The works were among the earliest examples of Warhol's use of repeated celebrity imagery. They laid the foundation for later Marilyn series, including the Shot Marilyns (1964) and the Marilyn Monroe print portfolio (1967).

== Analysis ==
In the book Pop Art (1965), writer John Rublowsky reflected on Warhol's depiction of Marilyn after encountering Grape Marilyn during a visit to Warhol's studio. The work prompted him to consider the divide between Monroe's public image and private identity. He described the actress as being "garbed in the mask of the goddess. As goddess, she is bigger than life. She is a star who exists on Olympian heights. Yet behind the mask is a woman, and the woman was vulnerable." Rublowsky argued that the portrait was a reflection of Monroe's transformation from a person into a commercial commodity:The portrait of Marilyn Monroe tells the story of a human being transformed, of a woman changed into a commercial property. She has been carefully manufactured, packaged, and sold like a can of soup. Her painted mask is reproduced endlessly until it is no longer possible to say where the mask ends and the woman begins. Illusion and reality become confused. The tragic transformation is complete. A novelist might tell her story in a hundred-thousand words; a playwright, in three hours behind the proscenium arch. Andy Warhol has told it in a small painting, a silk-screened image daubed with garish colors.Rublowsky also connected the painting to Warhol's own public persona: "Andy Warhol is a complex man who defies classification. Like the portrait of Marilyn Monroe, he, too, wears a mask-a contrived image that serves as a buffer between him and the world. He, too, is a web of contradictions without obvious resolution."

== Exhibition ==
Eight paintings from the Flavor Marilyns series were exhibited in Warhol's first New York solo exhibition at the Stable Gallery in November 1962. The exhibition also included works such as his large Campbell's Soup Can paintings, 100 Coke Bottles, Red Elvis, and Gold Marilyn Monroe.

== Critical reception ==
Reviewing the Stable Gallery show for ARTnews, art critic G. R. Swenson observed: "He paints a can of Campbell's soup with such complete innocence and simplicity that it was tempting to find as much humanity and mystery in it as there is in good abstract paintings. But, unlike the other 'New Realists' with whom he is sometimes linked, he makes no attempt to bare his soul; he is quite ingenuously interested in his subject matter. If he paints Marilyn Monroe 20 times, it is because that is the way she seems to him, 20 times different and yet always as if from a movie magazine. He never uses satire. He simply likes the people he paints."

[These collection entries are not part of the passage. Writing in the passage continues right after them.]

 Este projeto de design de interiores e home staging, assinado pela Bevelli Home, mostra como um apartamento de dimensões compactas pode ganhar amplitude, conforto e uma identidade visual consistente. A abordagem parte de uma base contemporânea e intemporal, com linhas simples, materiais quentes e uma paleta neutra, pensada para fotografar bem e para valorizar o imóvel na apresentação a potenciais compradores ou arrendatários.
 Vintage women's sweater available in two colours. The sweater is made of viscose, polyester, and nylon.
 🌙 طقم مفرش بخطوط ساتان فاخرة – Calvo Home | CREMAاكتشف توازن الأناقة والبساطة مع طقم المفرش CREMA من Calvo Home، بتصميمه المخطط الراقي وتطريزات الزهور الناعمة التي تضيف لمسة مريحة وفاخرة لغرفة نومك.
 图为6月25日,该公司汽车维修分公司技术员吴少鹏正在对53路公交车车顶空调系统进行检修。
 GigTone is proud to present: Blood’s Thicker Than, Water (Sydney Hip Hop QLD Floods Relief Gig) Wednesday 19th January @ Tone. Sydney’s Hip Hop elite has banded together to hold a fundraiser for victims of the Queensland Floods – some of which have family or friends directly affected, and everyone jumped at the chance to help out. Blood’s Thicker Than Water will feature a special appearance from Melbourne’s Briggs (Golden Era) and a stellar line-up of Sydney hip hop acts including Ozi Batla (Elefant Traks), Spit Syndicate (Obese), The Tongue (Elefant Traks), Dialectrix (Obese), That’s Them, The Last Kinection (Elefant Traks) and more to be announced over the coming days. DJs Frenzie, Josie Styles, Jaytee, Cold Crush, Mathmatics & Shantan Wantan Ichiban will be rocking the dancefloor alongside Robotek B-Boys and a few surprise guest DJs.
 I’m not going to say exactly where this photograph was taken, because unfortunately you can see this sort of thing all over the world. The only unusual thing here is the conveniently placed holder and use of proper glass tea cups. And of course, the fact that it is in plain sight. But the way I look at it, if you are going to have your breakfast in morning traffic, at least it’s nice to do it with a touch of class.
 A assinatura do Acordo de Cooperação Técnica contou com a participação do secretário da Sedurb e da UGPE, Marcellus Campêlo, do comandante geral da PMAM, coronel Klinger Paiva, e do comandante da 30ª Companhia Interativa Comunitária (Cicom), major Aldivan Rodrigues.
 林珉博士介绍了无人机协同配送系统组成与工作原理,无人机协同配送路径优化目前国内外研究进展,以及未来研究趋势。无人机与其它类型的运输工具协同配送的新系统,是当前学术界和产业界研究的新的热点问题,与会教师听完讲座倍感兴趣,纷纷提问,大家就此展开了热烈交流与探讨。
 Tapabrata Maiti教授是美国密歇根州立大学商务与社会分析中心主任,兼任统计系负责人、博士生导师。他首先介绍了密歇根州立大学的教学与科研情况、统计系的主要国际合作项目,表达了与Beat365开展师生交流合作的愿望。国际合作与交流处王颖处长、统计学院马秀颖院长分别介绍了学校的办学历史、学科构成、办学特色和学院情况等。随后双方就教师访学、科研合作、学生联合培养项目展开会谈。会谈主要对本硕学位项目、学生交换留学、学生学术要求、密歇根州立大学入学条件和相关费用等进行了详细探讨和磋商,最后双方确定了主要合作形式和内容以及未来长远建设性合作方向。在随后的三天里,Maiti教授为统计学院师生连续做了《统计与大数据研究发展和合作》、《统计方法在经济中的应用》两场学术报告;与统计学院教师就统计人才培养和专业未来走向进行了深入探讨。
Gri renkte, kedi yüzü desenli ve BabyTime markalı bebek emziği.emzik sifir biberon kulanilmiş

Michael Fried of Art International was particularly drawn to Warhol's Marilyns: "I admit, to register an advance protest against the advent of a generation that will not be as moved by Warhol's beautiful, vulgar, heart-breaking icons of Marilyn Monroe as I am. These, I think, are the most successful pieces in the show."

== Collections ==
Green Marilyn is owned by the National Gallery of Art in Washington, D.C.

Blue Marilyn is in the collection of Princeton University in Princeton, New Jersey.

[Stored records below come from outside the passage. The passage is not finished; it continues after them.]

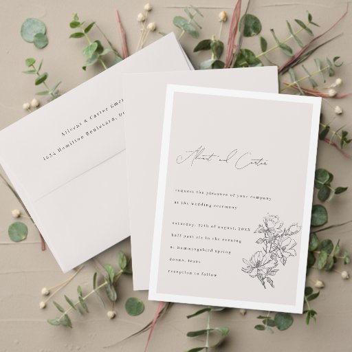 エレガントシンプルラインアートの花と縁ど 出欠カード (この独立クリエイターのコレクションをカスタマイズ。テスト)エレガントシンプルラインアートの花と縁ど 出欠カード (裏面)エレガントシンプルラインアートの花と縁ど 出欠カード (スタンド正面)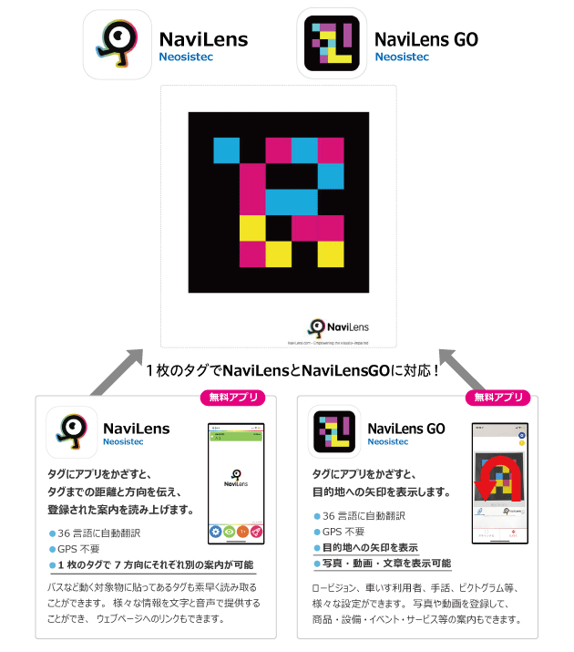 1つのタグで「NaviLens」と「NaviLens GO」に対応!
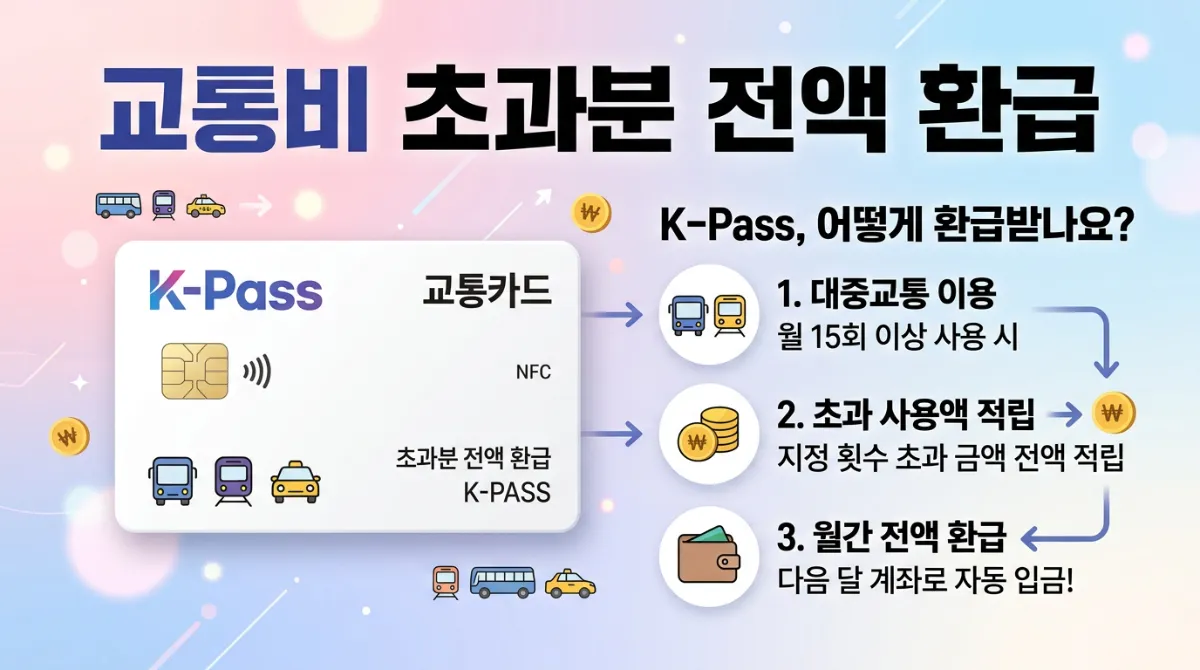 기준금액 아래로 쓰면 기존 K-패스처럼 정률 환급이 적용되고, 기준금액을 넘으면 초과분 전액 환급으로 전환됩니다.
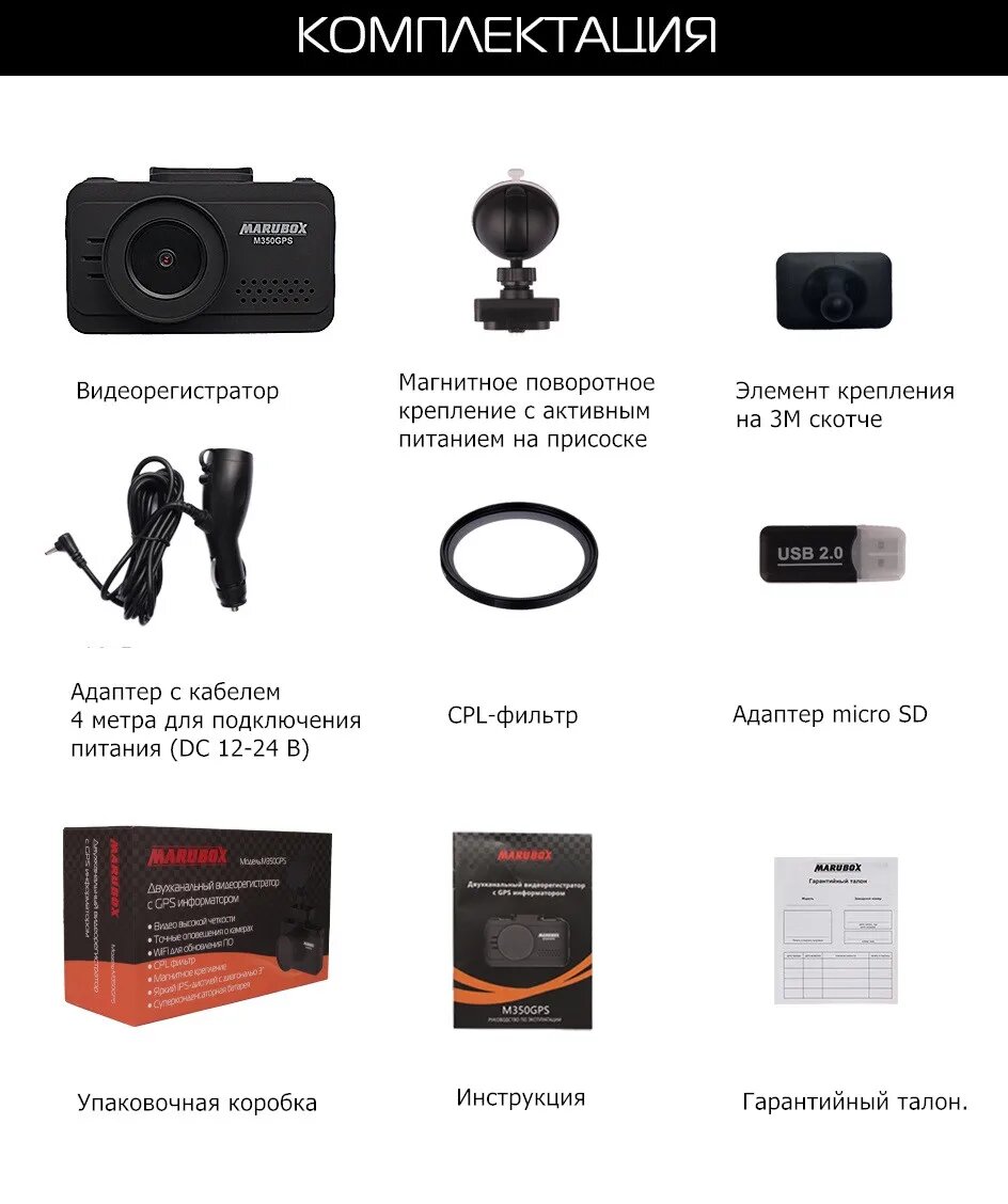 Видеорегистратор с GPS-информатором Marubox M350GPS + SanDisk microSDXC UHS-I 64Gb (120mb/sec)

Mint Marilyn is in the collection of the artist Jasper Johns.

Liquorice Marilyn is owned by the Brant Foundation in Greenwich, Connecticut.

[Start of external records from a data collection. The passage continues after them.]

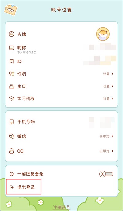 3、进入账号设置功能界面后,点击界面下方的【退出登录】选项,退出当前账号后,输入新的账号进行登录即可。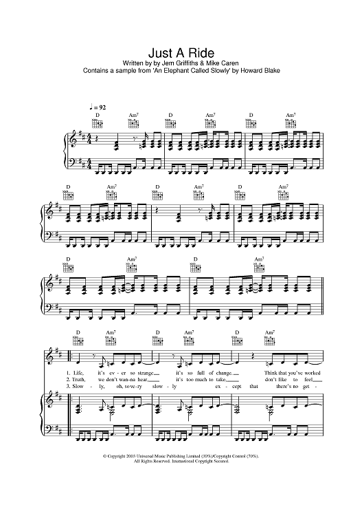 Digital Sheet Music for Just A Ride by Jem Griffiths, Howard Blake, Mike Caren, Jem scored for Piano/Vocal/Chords; id:383640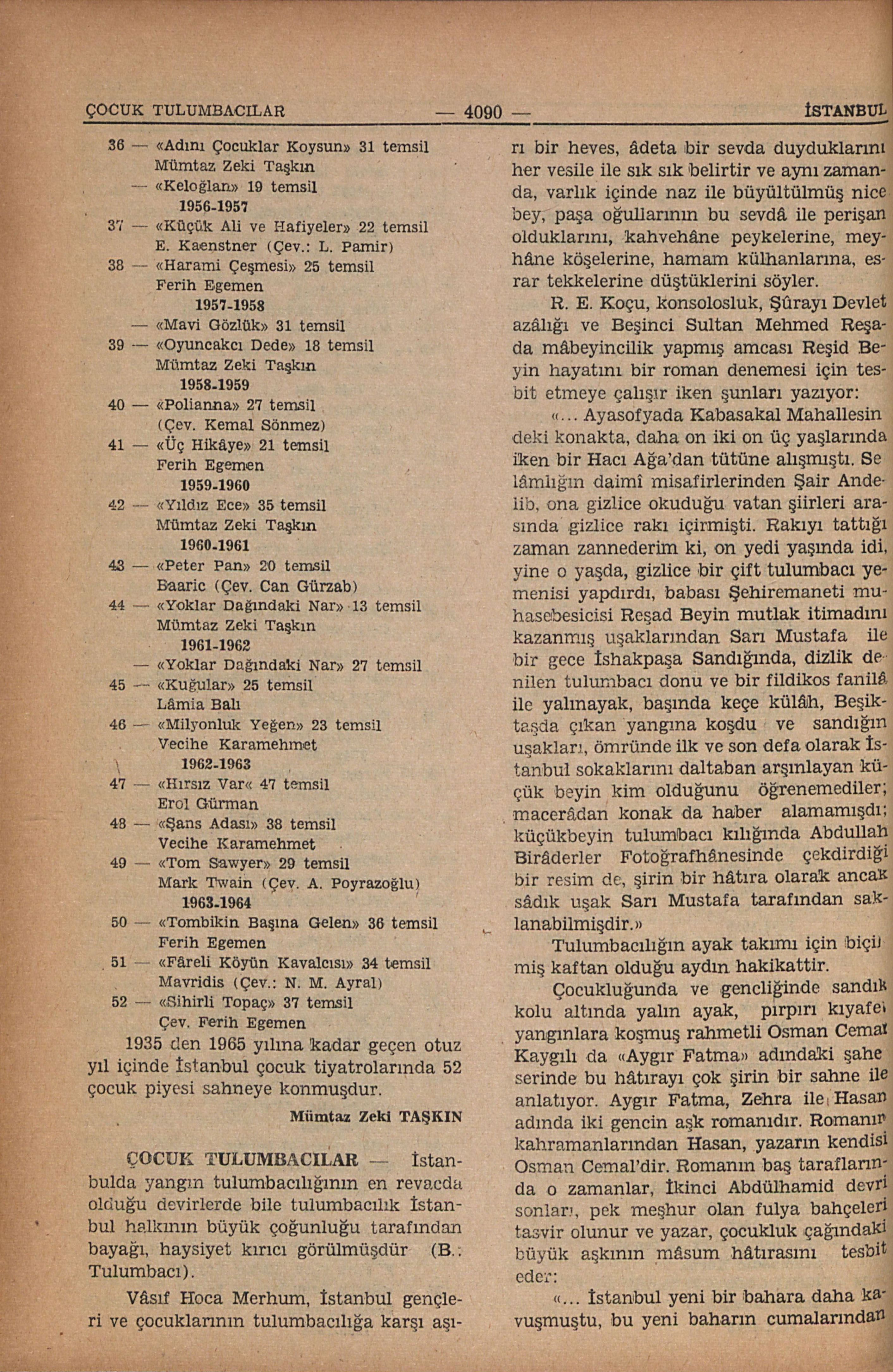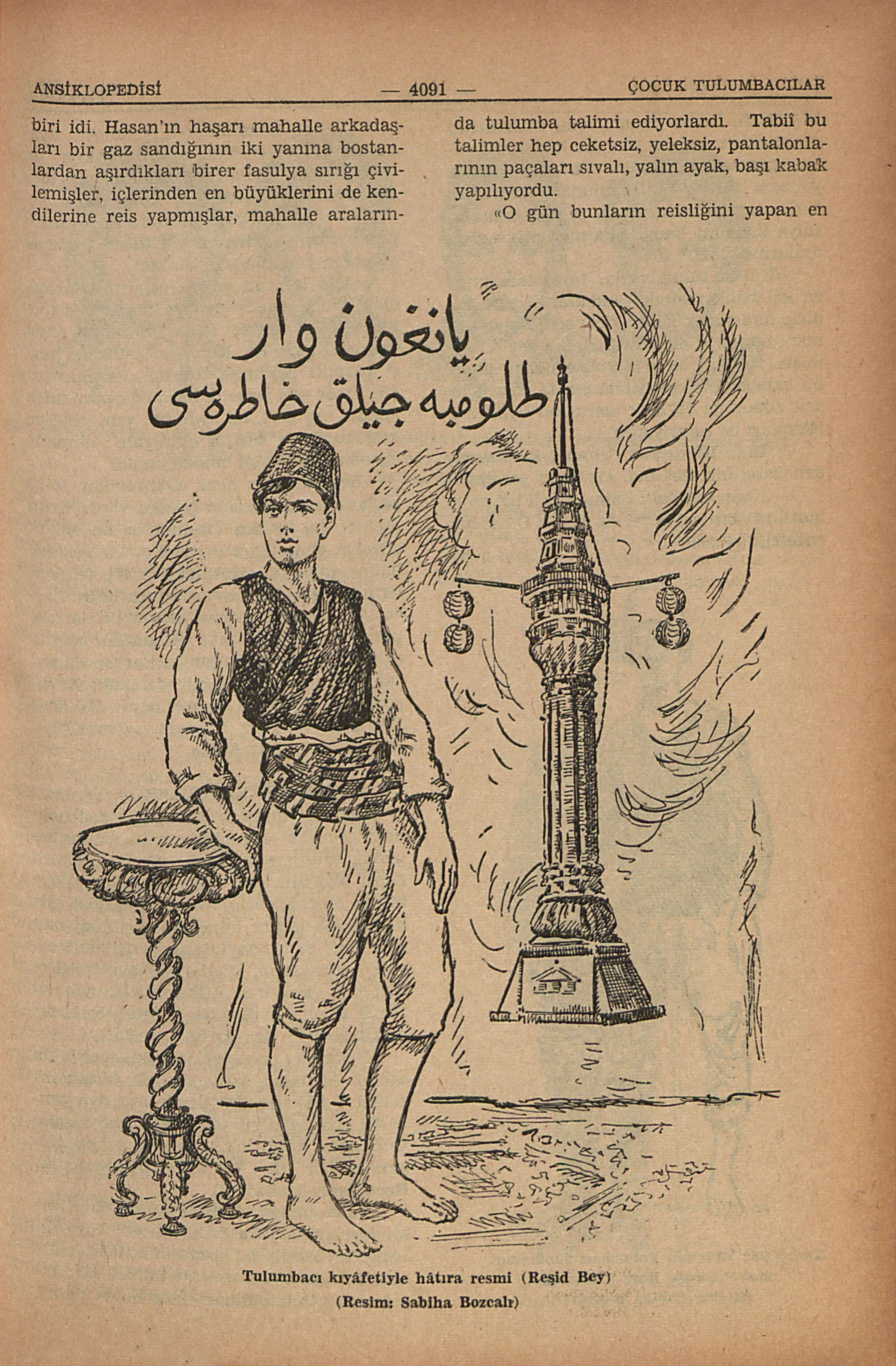 İstanbulda yangın tulumbacılığının en revacda olduğu devirlerde bile tulumbacılık İstanbul halkının büyük çoğunluğu tarafından bayağı, haysiyet kırıcı görülmüşdür (B.: Tulumbacı). Vâsıf Hoca Merhum, İstanbul gençleri ve çocuklarının tulumbacılığa karşı aşırı bir heves, âdeta bir sevda duyduklarını her vesile ile sık sık belirtir ve aynı zamanda, varlık içinde naz ile büyütülmüş nice bey, paşa oğullarının bu sevdâ ile perişan olduklarını, kahvehâne peykelerine, meyhâne köşelerine, hamam külhanlarına, esrar tekkelerine düştüklerini söyler. R. E. Koçu, konsolosluk, Şûrayı Devlet azâlığı ve Beşinci Sultan Mehmed Reşada mâbeyincilik yapmış amcası Reşid Beyin hayatını bir roman denemesi için tesbit etmeye çalışır iken şunları yazıyor: “... Ayasofyada Kabasakal Mahallesindeki konakta, daha on iki on üç yaşlarında iken bir Hacı Ağa’dan tütüne alışmıştı. Selâmlığın daimî misafirlerinden Şair Andelib, ona gizlice okuduğu vatan şiirleri arasında gizlice rakı içirmişti. Rakıyı tattığı zaman zannederim ki, on yedi yaşında idi, yine o yaşda, gizlice bir çift tulumbacı yemenisi yapdırdı, babası Şehiremaneti muhasebesicisi Reşad Beyin mutlak itimadını kazanmış uşaklarından Sarı Mustafa ile bir gece İshakpaşa Sandığında, dizlik denilen tulumbacı donu ve bir fildikos fanilâ ile yalınayak, başında keçe külâh, Beşiktaşda çıkan yangına koşdu ve sandığın uşakları, ömründe ilk ve son defa olarak İstanbul sokaklarını daltaban arşınlayan küçük beyin kim olduğunu öğrenemediler; macerâdan konak da haber alamamışdı; küçükbeyin tulumbacı kılığında Abdullah Birâderler Fotoğrafhânesinde çekdirdiği bir resim de, şirin bir hâtıra olarak ancak sâdık uşak Sarı Mustafa tarafından saklanabilmişdir.” Tulumbacılığın ayak takımı için biçilmiş kaftan olduğu aydın hakikattir. Çocukluğunda ve gençliğinde sandık kolu altında yalın ayak, pırpırı kıyafet yangınlara koşmuş rahmetli Osman Cemal Kaygılı da “Aygır Fatma” adındaki şaheserinde bu hâtırayı çok şirin bir sahne ile anlatıyor. Aygır Fatma, Zehra ile hasan adında iki gencin aşk romanıdır. Romanın kahramanlarından Hasan, yazarın kendisi Osman Cemal’dir. Romanın baş taraflarında o zamanlar, İkinci Abdülhamid devri sonları pek meşhur olan fulya bahçeleri tasvir olunur ve yazar, çocukluk çağındaki büyük aşkının mâsum hâtırasını tesbit eder: “... İstanbul yeni bir bahara daha kavuşmuştu, bu yeni baharın cumalarından biri idi. Hasan’ın haşarı mahalle arkadaşları bir gaz sandığının iki yanına bostanlardan aşırdıkları birer fasulya sırığı çivilemişler, içlerinden en büyüklerini de kendilerine reis yapmışlar, mahalle aralarında tulumba talimi ediyorlardı. Tabiî bu talimler hep ceketsiz, yeleksiz, pantalonlarının paçaları sıvalı, yalın ayak, başı kabak yapılıyordu. “O gün bunların reisliğini yapan en büyükleri, Cuma olduğu için, mahallenin çekirdekten yetişme olan bu küçük tulumbacı namzedlerini önüne katmış, onlara yollarda türlü şaklabanlıklar yaptırarak, türlü naralar savurtarak, sandık omuzda, fulya tarlasına kadar çıkarmıştı. Hasan da aralarında idi. “Küçük tulumbacılar fulya tarlasının en kalabalık yerinde sandıklarını yere indirip dinlenmek için yerlere serdikleri zaman, bunların etrafını bir sürü seyirci almıştı. Reisleri olan büyükçe oğlan şimdi bu kalabalığın karşısında etrafa caka için salt adları ile değil de sonradan uydurma lâkapları ile çağırıyordu: — Ulan Kılkuyruk Şaban... kalk şuradan bana bir ateş bul, cıgaramı yakayım. — Ulan Cimdallı Saim, haydi bakalım burnunla bir zurna çal da Topuz Ömer bir çiftetelli oynasın — Ulan Zümbülbekek Mehmed... ayağına yolda diken batmış, al şu çakıyı da dikeni çıkar, malum ya, dönüşde çarşıdan geçeceğiz, baş takımı siz kovacaksınız!... — Ulan Kuşkonmaz Hasan... oturduğun yerden yeniden bir beyitli nara düz de giderken yollarda onu atalım!... “İşte tam bu sırada etrafını sarmış olanların arasında uzunca boylu, esmerce bir kızın gözlerine ilişen Hasan o anda kıpkırmızı kesildi. Kızın da kendisine karşı yüzünü ekşitmesi üzerine o kıpkırmızı yüz limon gibi sararak Hasan o canım misk kokulu, ap açık, ap aydınlık, yem yeşil ve koskoca fulya tarlası simsiyah, daracık, havasız, berbad bir zından kesildi...” Her sandığın ayak takımından 14-15 yaşlarında bir maskot çocuğu vardı; grup hâlinde çekdirtilen resimlerde bu oğlancıkların eline fener vermek de bir gelenek haline gelmişdi, o resimleri görüp fenercilerin çocuk olduğu zan edilmemelidir; maskot tulumbacı çocuklar takım ile ancak pek yakın semtlerdeki yangınlara koşdurulurdu. Bu çocuk tulumbacılardan da ancak üçünün adını tesbit edebildik: Kazlıçeşme Sandığından Kara Hidâyet, Üsküdar Dâirelilerden Filiz Hüseyin, Çengelköyü Kiliselilerden Kız Ahiba. Tulumbacı kıyâfetiyle hâtıra resmi (Reşid Bey) (Resim: Sabiha Bozcalı) Kazlıçeşme Yangının Tulumbacı Sandığının maskot çocuğu Kara Süleyman (Resim: Sabiha Bozcalı)

Cherry Marilyn is in the collection of Kunstmuseum Liechtenstein in Vaduz, Liechtenstein.

Lavender Marilyn is in the collection of Uli Knecht.

== Art market ==
The Flavor Marilyns initially sold for $225 each in 1962.

In July 1998, real estate developer Steve Wynn purchased Orange Marilyn for $3 million from Condé Nast Chairman S.I. Newhouse Jr.

In May 2001, Orange Marilyn sold for $3.7 million at Christie's in New York. In November 2006, it was sold again at Christie's in New York for $16.2 million.

In May 2007, Lemon Marilyn sold for $28 million at Christie's in New York.

In May 2014, White Marilyn sold for $41 million at Christie's in New York.